EXERCISE DESCRIPTION - Retype exactly what appears below from the line containing "Vinyle Thermocollant Noir" down to the line containing "RETROSPETTIVA LUIGI RADICE", keeping both end lines. Do not include pictures.
++++ PROVIDED DATA
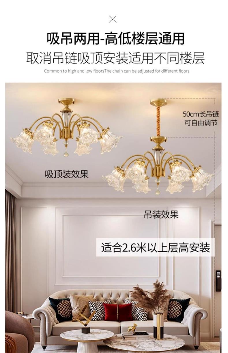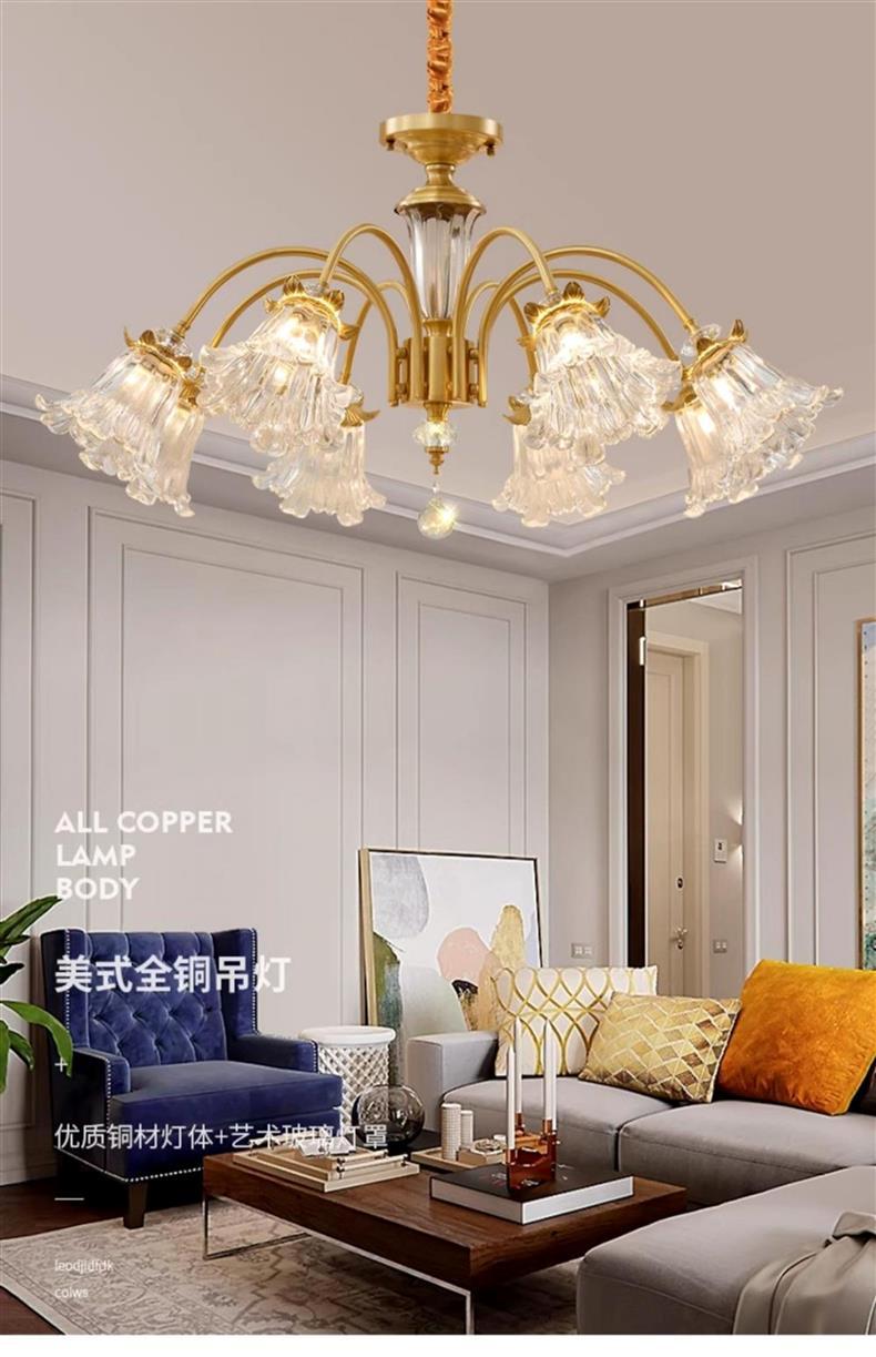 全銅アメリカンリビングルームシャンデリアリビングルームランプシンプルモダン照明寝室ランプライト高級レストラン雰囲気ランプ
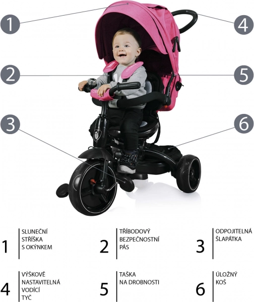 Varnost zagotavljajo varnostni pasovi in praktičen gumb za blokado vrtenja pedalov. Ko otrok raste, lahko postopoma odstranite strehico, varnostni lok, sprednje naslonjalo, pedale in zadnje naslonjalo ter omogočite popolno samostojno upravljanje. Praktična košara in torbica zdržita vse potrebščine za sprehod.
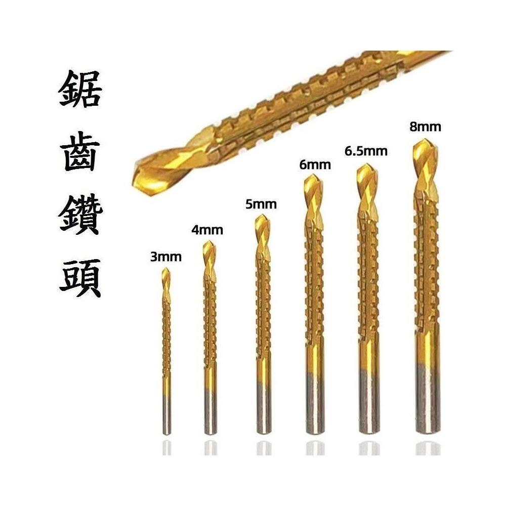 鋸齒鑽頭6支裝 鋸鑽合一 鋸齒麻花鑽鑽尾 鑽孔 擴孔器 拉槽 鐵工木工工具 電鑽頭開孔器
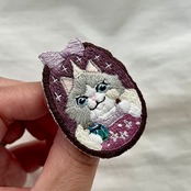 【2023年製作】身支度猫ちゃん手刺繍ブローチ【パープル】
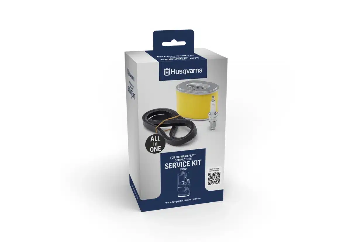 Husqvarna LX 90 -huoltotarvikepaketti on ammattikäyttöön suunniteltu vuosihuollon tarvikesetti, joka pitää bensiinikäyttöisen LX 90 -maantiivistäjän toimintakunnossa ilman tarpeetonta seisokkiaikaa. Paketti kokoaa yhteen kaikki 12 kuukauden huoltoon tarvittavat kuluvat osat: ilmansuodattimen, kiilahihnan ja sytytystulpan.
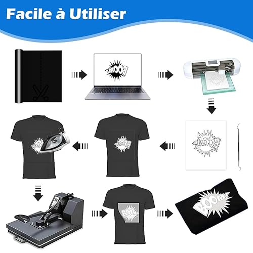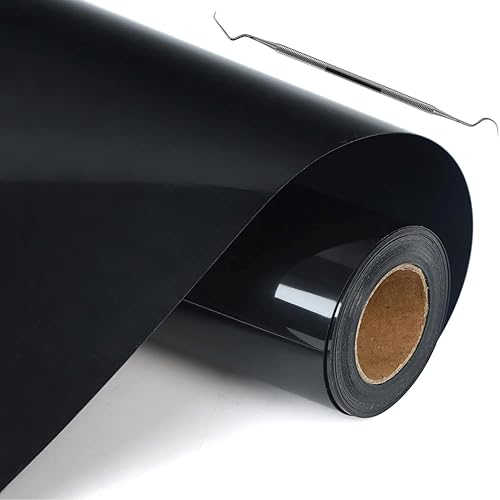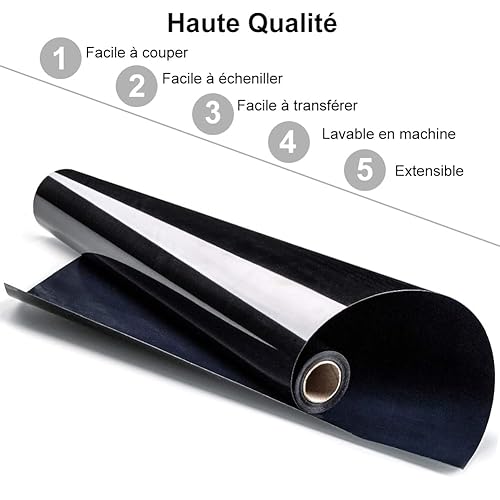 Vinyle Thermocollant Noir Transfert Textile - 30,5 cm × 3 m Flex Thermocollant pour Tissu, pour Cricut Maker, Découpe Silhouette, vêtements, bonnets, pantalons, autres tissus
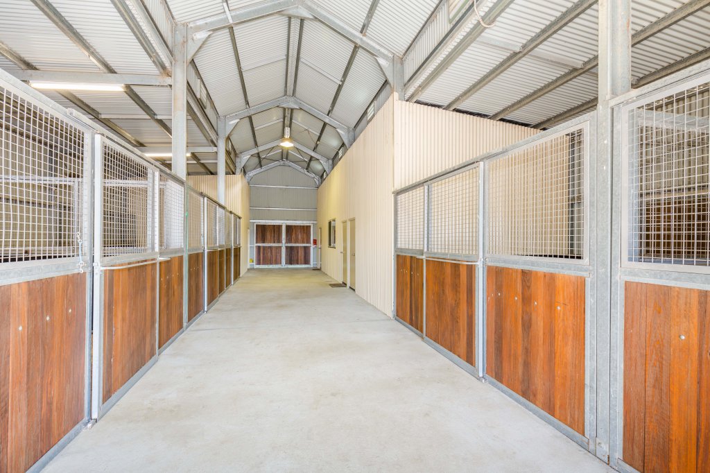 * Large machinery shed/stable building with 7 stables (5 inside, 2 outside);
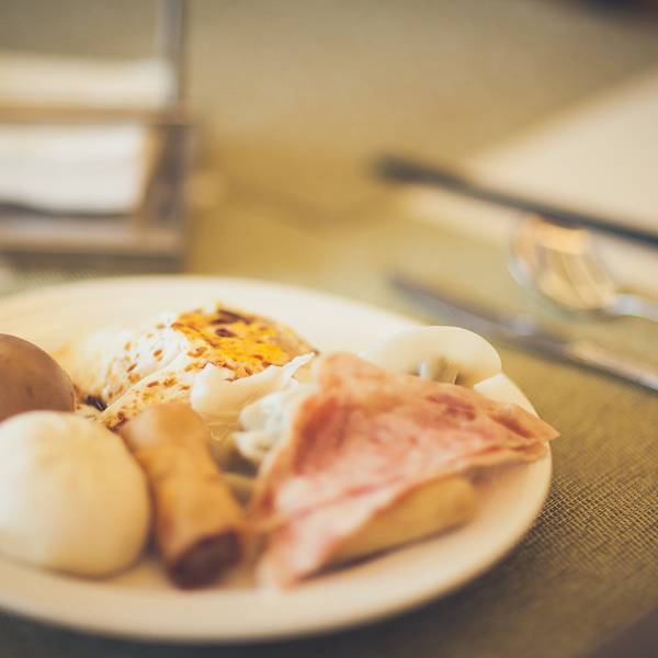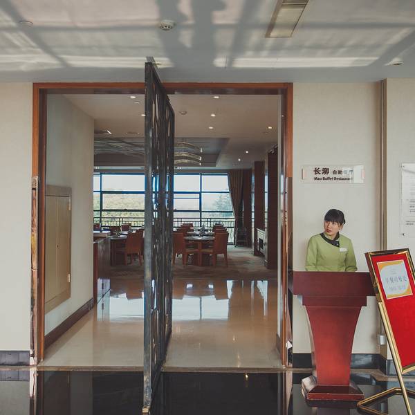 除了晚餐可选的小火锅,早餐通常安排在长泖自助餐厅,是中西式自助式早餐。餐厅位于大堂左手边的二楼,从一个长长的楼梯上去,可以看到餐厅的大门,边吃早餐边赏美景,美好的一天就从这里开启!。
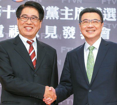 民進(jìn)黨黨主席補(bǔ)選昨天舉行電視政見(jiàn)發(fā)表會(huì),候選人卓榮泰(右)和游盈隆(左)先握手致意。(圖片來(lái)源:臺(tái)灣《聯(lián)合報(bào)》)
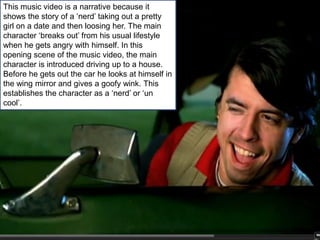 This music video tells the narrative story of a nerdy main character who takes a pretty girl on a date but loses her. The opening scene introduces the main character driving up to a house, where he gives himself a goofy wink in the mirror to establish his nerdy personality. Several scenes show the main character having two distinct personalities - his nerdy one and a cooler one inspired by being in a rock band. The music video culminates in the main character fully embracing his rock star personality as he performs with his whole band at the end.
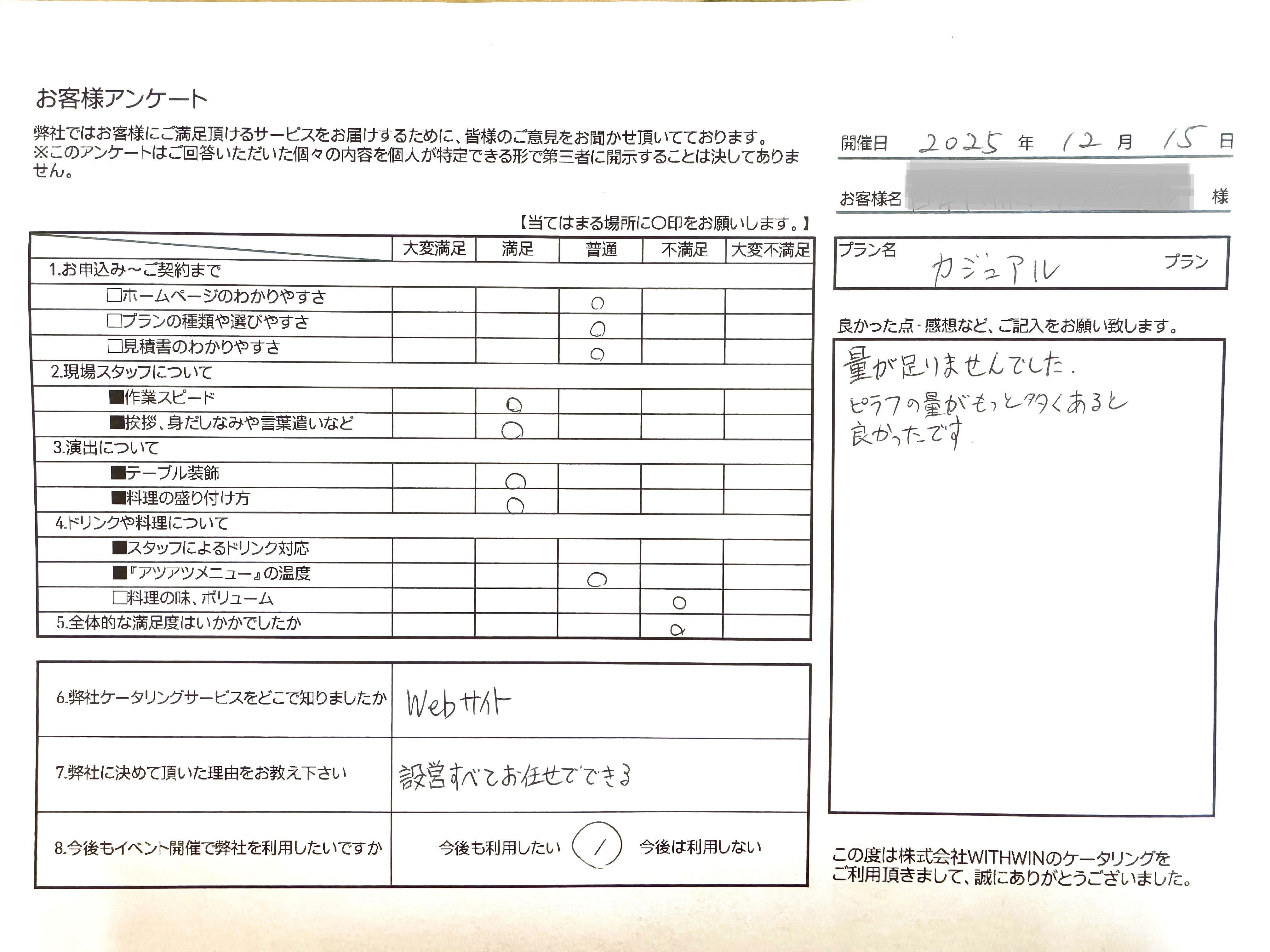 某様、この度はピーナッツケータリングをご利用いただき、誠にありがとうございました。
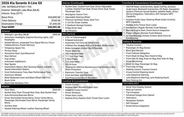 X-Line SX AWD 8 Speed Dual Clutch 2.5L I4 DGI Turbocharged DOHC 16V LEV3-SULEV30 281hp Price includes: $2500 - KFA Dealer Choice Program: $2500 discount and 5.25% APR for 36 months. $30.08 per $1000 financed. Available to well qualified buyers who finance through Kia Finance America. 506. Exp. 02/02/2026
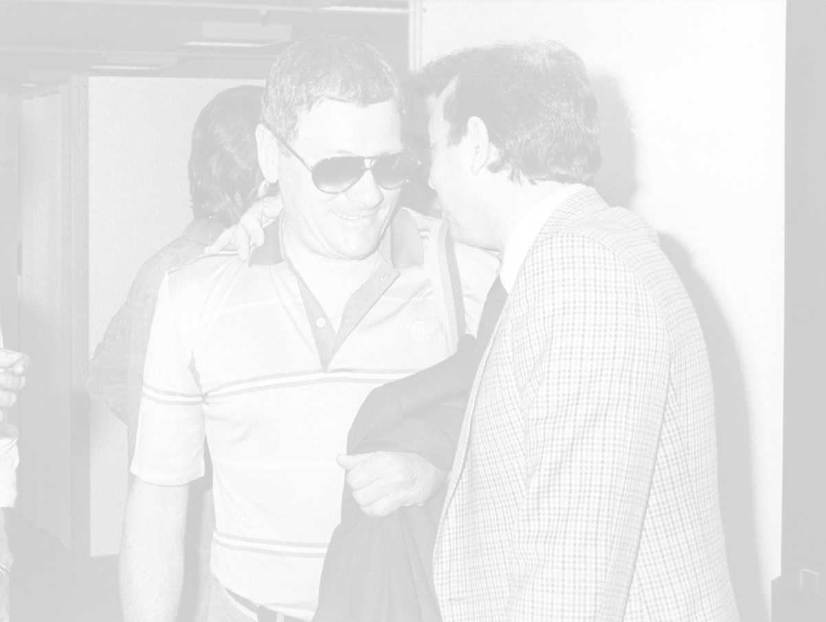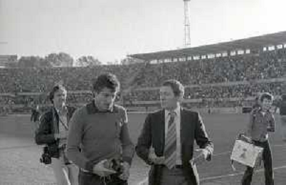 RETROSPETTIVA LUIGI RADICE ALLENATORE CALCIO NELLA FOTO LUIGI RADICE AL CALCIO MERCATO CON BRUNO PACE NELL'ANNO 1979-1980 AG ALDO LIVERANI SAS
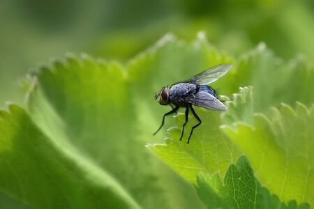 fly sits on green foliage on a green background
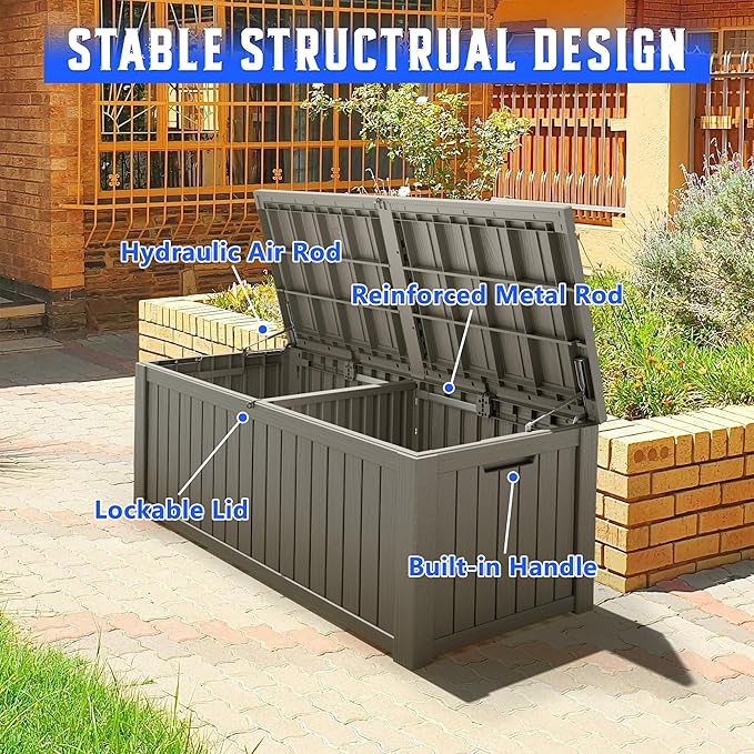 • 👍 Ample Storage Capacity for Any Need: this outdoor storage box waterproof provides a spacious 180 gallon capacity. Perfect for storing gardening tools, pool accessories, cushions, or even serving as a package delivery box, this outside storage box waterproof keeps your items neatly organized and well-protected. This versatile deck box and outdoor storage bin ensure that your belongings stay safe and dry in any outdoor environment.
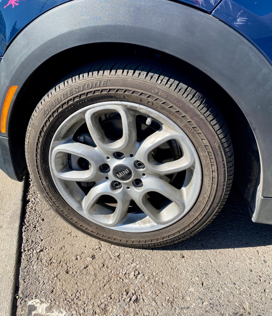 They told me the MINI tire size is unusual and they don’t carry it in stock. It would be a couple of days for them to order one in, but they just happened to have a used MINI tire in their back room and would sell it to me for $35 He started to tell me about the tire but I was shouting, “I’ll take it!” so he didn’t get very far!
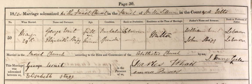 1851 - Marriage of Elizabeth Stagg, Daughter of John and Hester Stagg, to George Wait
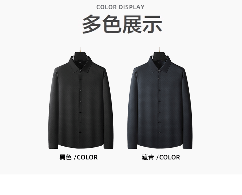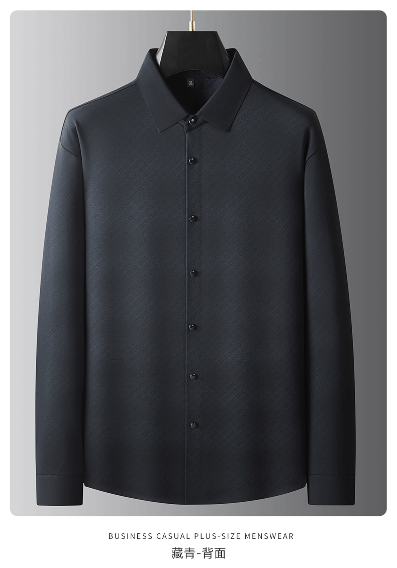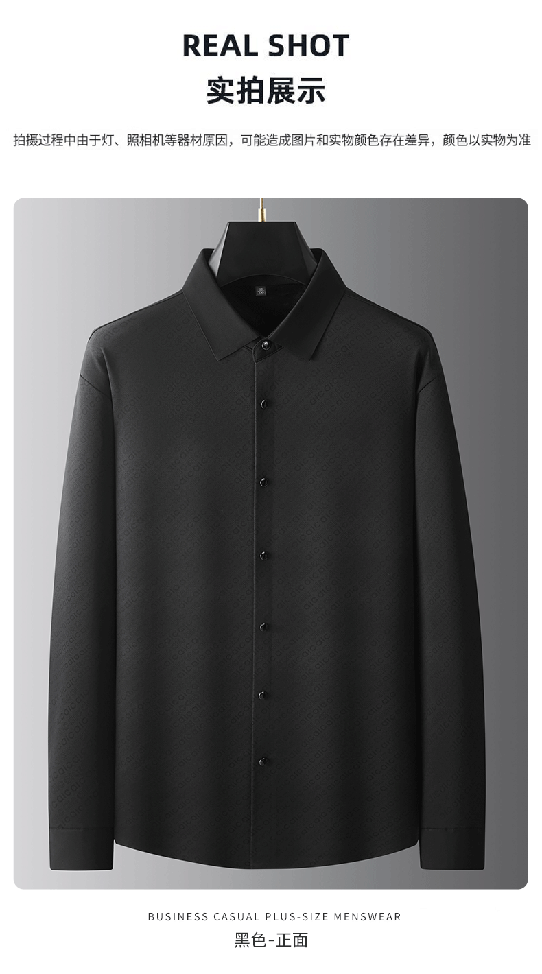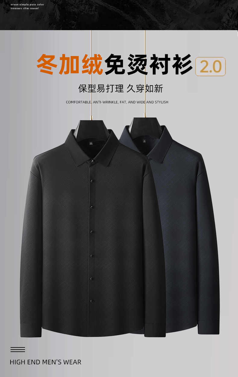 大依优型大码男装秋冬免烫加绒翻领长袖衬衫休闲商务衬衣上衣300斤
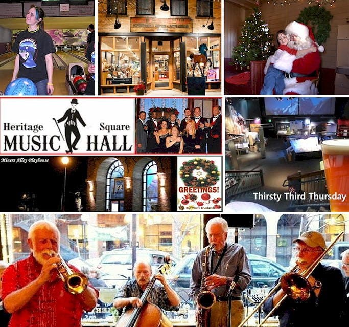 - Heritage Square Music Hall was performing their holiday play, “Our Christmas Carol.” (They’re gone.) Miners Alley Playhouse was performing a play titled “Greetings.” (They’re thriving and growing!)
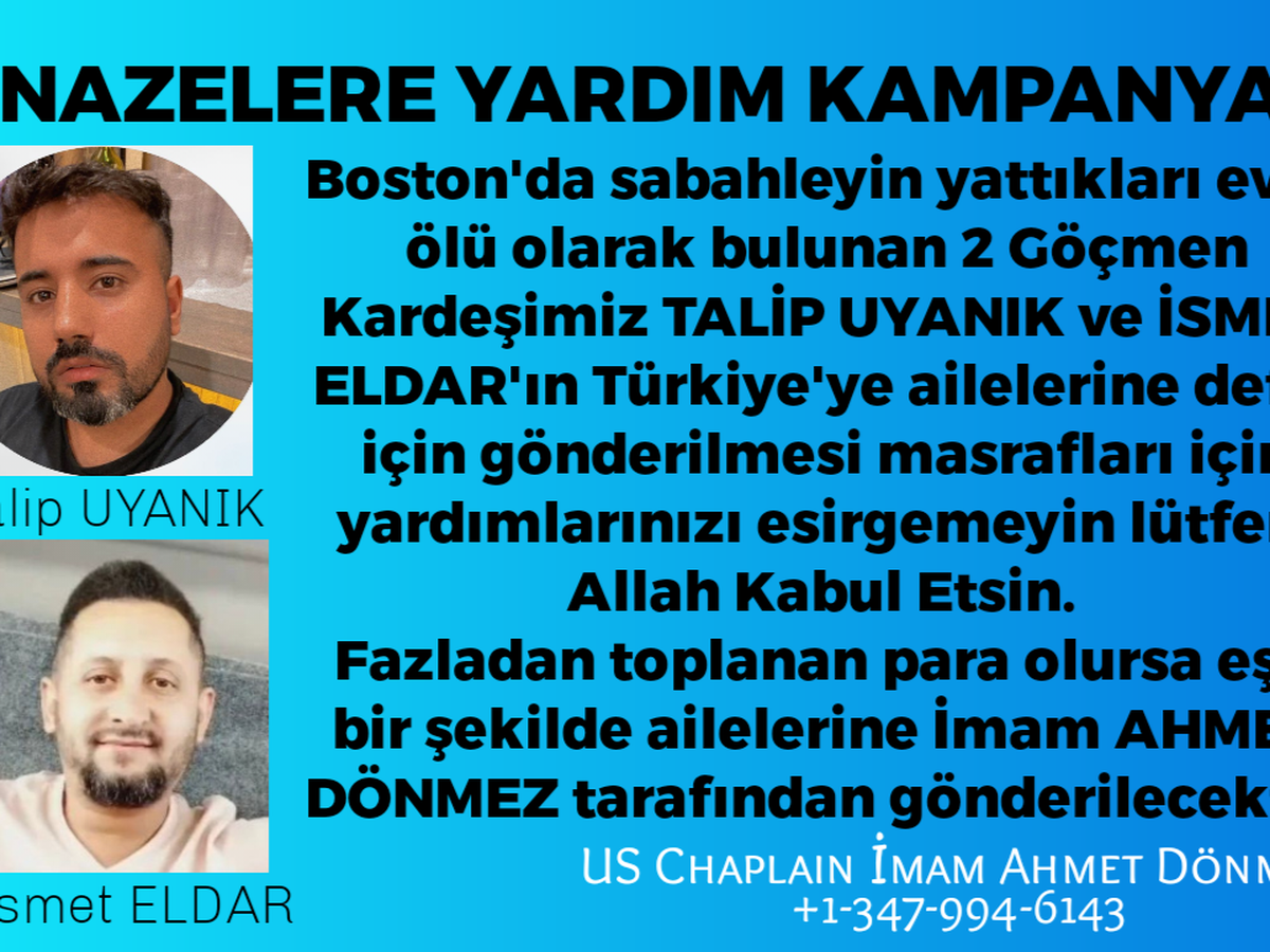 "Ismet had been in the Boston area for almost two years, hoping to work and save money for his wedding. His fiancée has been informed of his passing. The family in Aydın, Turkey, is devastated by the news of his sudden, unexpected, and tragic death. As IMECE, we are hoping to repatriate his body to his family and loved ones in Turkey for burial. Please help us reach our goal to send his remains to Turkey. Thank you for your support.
++++++++
EXPECTED ANSWER -
 Vinyle Thermocollant Noir Transfert Textile - 30,5 cm × 3 m Flex Thermocollant pour Tissu, pour Cricut Maker, Découpe Silhouette, vêtements, bonnets, pantalons, autres tissus
 * Large machinery shed/stable building with 7 stables (5 inside, 2 outside);
 除了晚餐可选的小火锅,早餐通常安排在长泖自助餐厅,是中西式自助式早餐。餐厅位于大堂左手边的二楼,从一个长长的楼梯上去,可以看到餐厅的大门,边吃早餐边赏美景,美好的一天就从这里开启!。
 民進(jìn)黨黨主席補(bǔ)選昨天舉行電視政見(jiàn)發(fā)表會(huì),候選人卓榮泰(右)和游盈隆(左)先握手致意。(圖片來(lái)源:臺(tái)灣《聯(lián)合報(bào)》)
 This music video tells the narrative story of a nerdy main character who takes a pretty girl on a date but loses her. The opening scene introduces the main character driving up to a house, where he gives himself a goofy wink in the mirror to establish his nerdy personality. Several scenes show the main character having two distinct personalities - his nerdy one and a cooler one inspired by being in a rock band. The music video culminates in the main character fully embracing his rock star personality as he performs with his whole band at the end.
 某様、この度はピーナッツケータリングをご利用いただき、誠にありがとうございました。
 X-Line SX AWD 8 Speed Dual Clutch 2.5L I4 DGI Turbocharged DOHC 16V LEV3-SULEV30 281hp Price includes: $2500 - KFA Dealer Choice Program: $2500 discount and 5.25% APR for 36 months. $30.08 per $1000 financed. Available to well qualified buyers who finance through Kia Finance America. 506. Exp. 02/02/2026
 RETROSPETTIVA LUIGI RADICE ALLENATORE CALCIO NELLA FOTO LUIGI RADICE AL CALCIO MERCATO CON BRUNO PACE NELL'ANNO 1979-1980 AG ALDO LIVERANI SAS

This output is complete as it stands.